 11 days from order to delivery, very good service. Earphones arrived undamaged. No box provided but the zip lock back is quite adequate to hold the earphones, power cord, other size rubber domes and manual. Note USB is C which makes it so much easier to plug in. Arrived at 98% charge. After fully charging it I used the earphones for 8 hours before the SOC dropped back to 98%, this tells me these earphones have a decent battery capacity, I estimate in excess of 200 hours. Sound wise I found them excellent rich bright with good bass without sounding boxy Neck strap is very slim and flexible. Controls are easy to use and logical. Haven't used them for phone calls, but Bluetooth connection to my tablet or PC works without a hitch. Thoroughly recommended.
==========
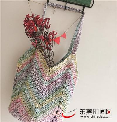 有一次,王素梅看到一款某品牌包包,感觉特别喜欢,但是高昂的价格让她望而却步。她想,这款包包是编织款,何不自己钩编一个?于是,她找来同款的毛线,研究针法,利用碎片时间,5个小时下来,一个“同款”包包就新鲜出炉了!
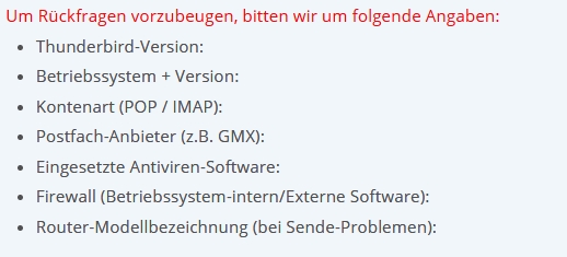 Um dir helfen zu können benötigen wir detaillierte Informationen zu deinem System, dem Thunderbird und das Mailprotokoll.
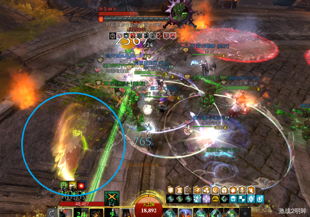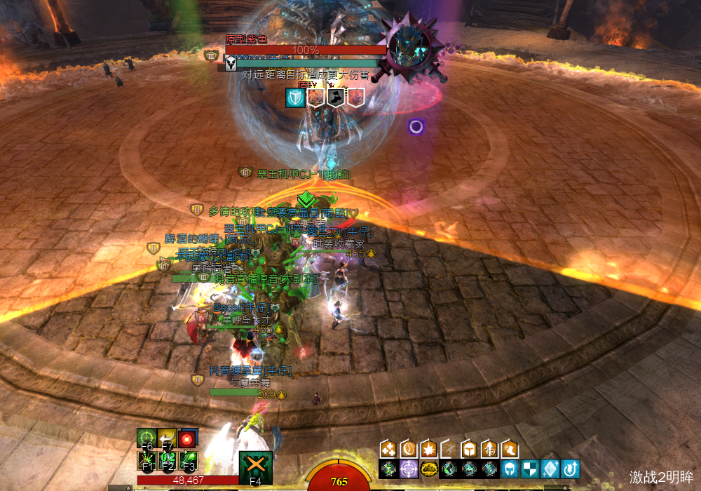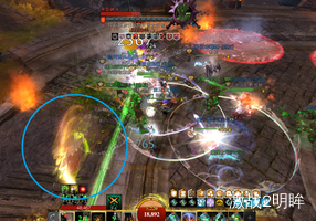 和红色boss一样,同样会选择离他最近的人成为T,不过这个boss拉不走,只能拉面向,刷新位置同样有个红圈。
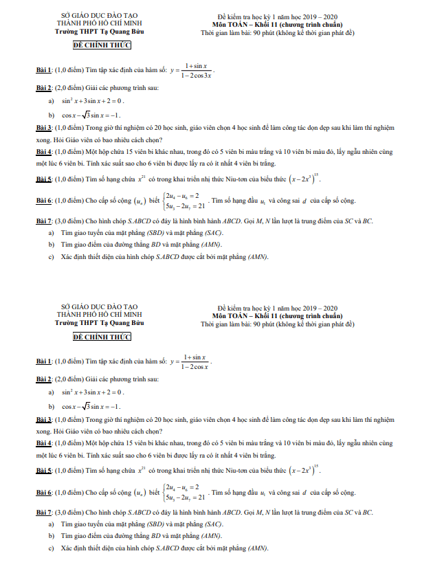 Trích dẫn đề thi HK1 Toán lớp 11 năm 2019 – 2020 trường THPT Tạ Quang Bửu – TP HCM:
==========
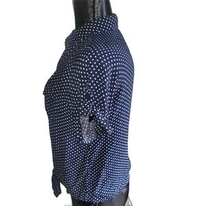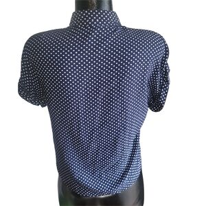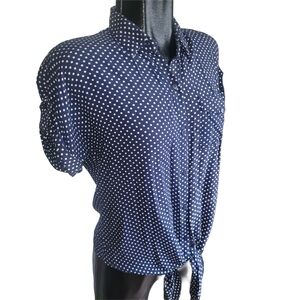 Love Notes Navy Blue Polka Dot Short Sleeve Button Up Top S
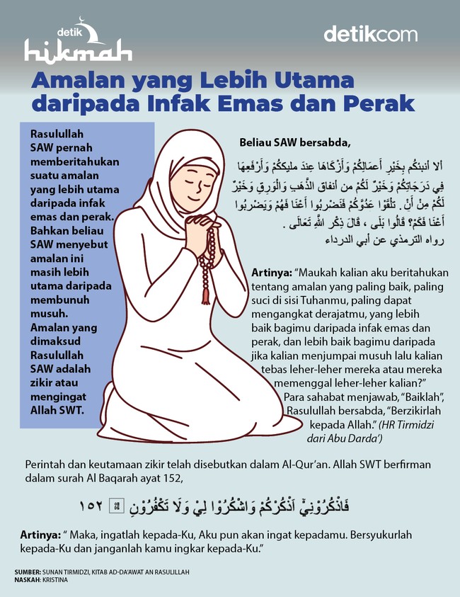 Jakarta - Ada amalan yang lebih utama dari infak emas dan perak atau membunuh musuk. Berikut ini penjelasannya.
==========
Aim of the exercise> Having found the line with "Um dir helfen" and the line with "Trích dẫn đề" in the material above, write out exactly those two and every line between, leaving the pictures out.

Output for this task>
 Um dir helfen zu können benötigen wir detaillierte Informationen zu deinem System, dem Thunderbird und das Mailprotokoll.
 和红色boss一样,同样会选择离他最近的人成为T,不过这个boss拉不走,只能拉面向,刷新位置同样有个红圈。
 Trích dẫn đề thi HK1 Toán lớp 11 năm 2019 – 2020 trường THPT Tạ Quang Bửu – TP HCM:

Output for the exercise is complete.